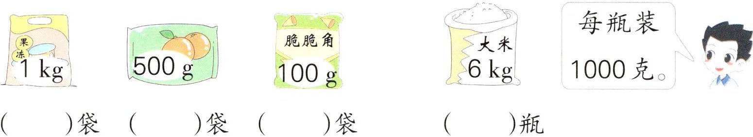 3. (1)几袋重1千克? (2)可以装几瓶?
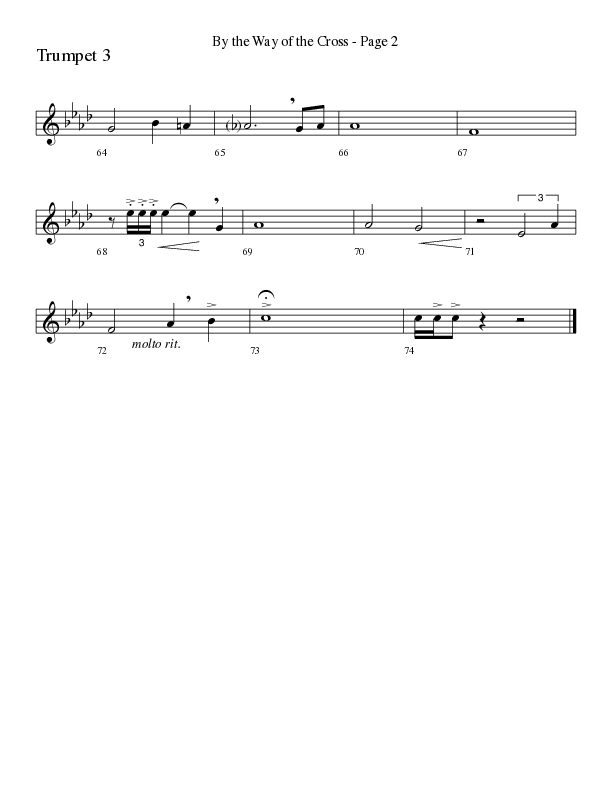 Download the Trumpet 3 sheet music for By The Way Of The Cross (Choral Anthem SATB) by Word Music Choral / Arr. Mike Speck / Arr. Lari Goss / Arr. Danny Zaloudik, from the album Easter Choral Anthems. This song was arranged by Mike Speck / Lari Goss / Danny Zaloudik in the key of F.
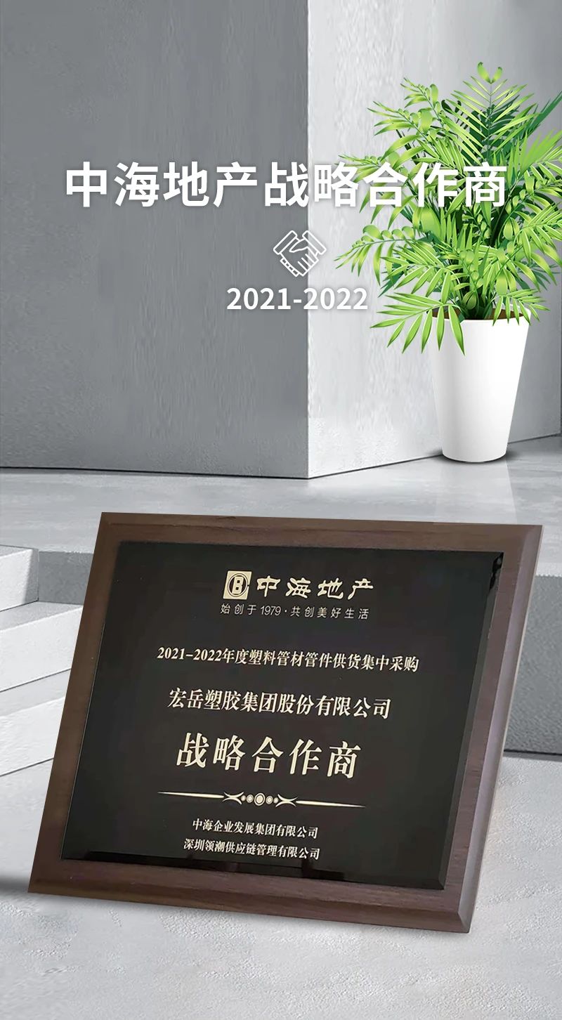 开云(中国)荣获中海地产2021-2022年度塑料管材管件供货集中采购战略合作商。
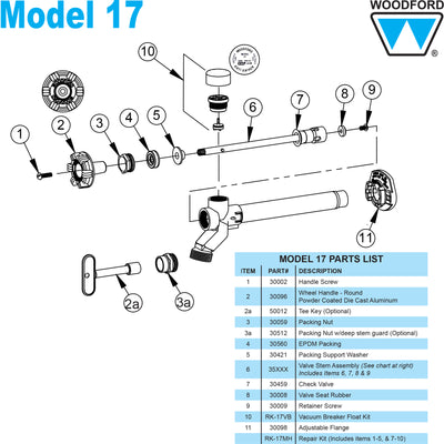 Model 17 wall faucet replacement parts: vacuum breaker float kit.
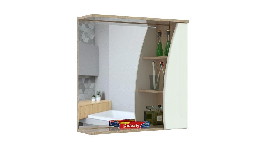 Шкаф с зеркалом в ванную Долли 2 BMS – это большое зеркало, комфортное для ухода за собой, и удобная система хранения. Подвесная модель оборудована широкой открытой полкой для мелких вещей и боковым шкафчиком с распашной скругленной дверцей. Белый фасад шкафа отличается износостойкостью, простотой ухода и внесет в интерьер ванной комнаты яркий акцент. Купить шкаф с зеркалом в ванную Долли 2 BMS и эффективно использовать пространство вам поможет наш интернет-магазин.

----------

__Your instructions__. Only the lines from the one holding "Model 17 wall" to the last line of the entries above should be printed, exactly as they appear and with no pictures.

__Expected answer__.
 Model 17 wall faucet replacement parts: vacuum breaker float kit.
 Шкаф с зеркалом в ванную Долли 2 BMS – это большое зеркало, комфортное для ухода за собой, и удобная система хранения. Подвесная модель оборудована широкой открытой полкой для мелких вещей и боковым шкафчиком с распашной скругленной дверцей. Белый фасад шкафа отличается износостойкостью, простотой ухода и внесет в интерьер ванной комнаты яркий акцент. Купить шкаф с зеркалом в ванную Долли 2 BMS и эффективно использовать пространство вам поможет наш интернет-магазин.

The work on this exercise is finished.